=== Section Start ===
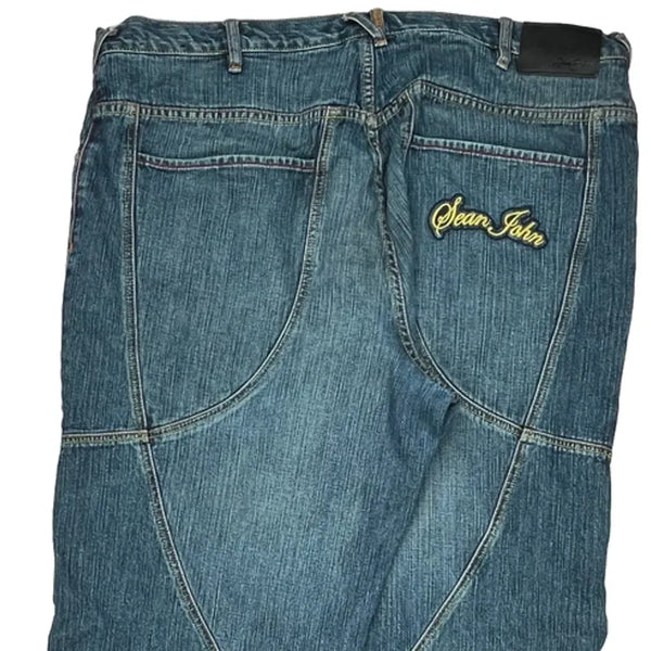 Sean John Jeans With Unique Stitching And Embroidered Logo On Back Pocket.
=== Section End ===
=== Section Start ===
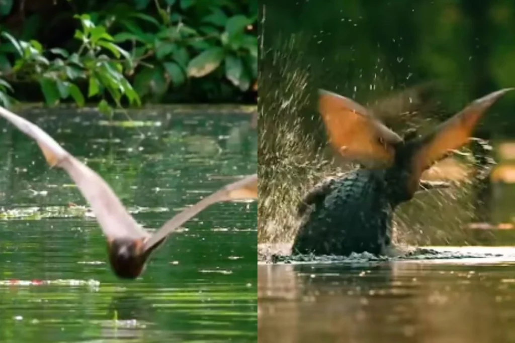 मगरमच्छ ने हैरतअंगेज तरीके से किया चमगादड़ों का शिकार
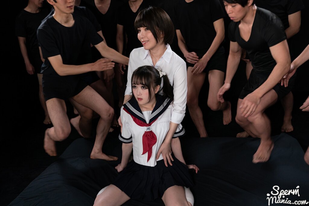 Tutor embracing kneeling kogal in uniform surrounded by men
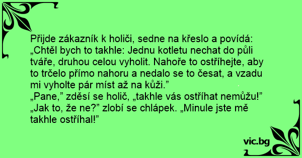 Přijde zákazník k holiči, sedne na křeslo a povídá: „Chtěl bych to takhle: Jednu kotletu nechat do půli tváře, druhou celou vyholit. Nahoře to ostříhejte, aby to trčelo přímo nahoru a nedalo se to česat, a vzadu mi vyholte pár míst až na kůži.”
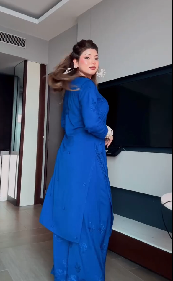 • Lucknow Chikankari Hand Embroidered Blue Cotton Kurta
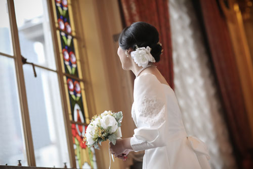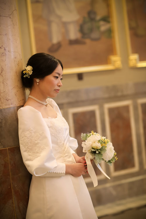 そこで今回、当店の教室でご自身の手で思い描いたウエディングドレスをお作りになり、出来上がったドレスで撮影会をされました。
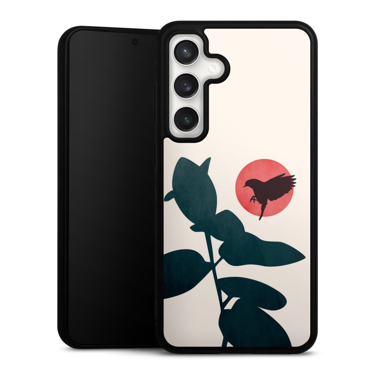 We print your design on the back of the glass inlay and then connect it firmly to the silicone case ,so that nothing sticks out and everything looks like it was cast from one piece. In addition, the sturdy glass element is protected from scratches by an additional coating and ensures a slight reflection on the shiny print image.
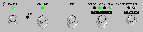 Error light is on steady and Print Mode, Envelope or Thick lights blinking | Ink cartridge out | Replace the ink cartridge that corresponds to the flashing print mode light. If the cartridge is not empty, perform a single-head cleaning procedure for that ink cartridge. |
=== Section End ===
» **Your goal**
Go back to the lines above and output, exactly as they stand, the ones from the line containing "Tutor embracing kneeling" to the line containing "Error light is". Leave all pictures behind.

» **Exercise output**
 Tutor embracing kneeling kogal in uniform surrounded by men
 Přijde zákazník k holiči, sedne na křeslo a povídá: „Chtěl bych to takhle: Jednu kotletu nechat do půli tváře, druhou celou vyholit. Nahoře to ostříhejte, aby to trčelo přímo nahoru a nedalo se to česat, a vzadu mi vyholte pár míst až na kůži.”
 • Lucknow Chikankari Hand Embroidered Blue Cotton Kurta
 そこで今回、当店の教室でご自身の手で思い描いたウエディングドレスをお作りになり、出来上がったドレスで撮影会をされました。
 We print your design on the back of the glass inlay and then connect it firmly to the silicone case ,so that nothing sticks out and everything looks like it was cast from one piece. In addition, the sturdy glass element is protected from scratches by an additional coating and ensures a slight reflection on the shiny print image.
 Error light is on steady and Print Mode, Envelope or Thick lights blinking | Ink cartridge out | Replace the ink cartridge that corresponds to the flashing print mode light. If the cartridge is not empty, perform a single-head cleaning procedure for that ink cartridge. |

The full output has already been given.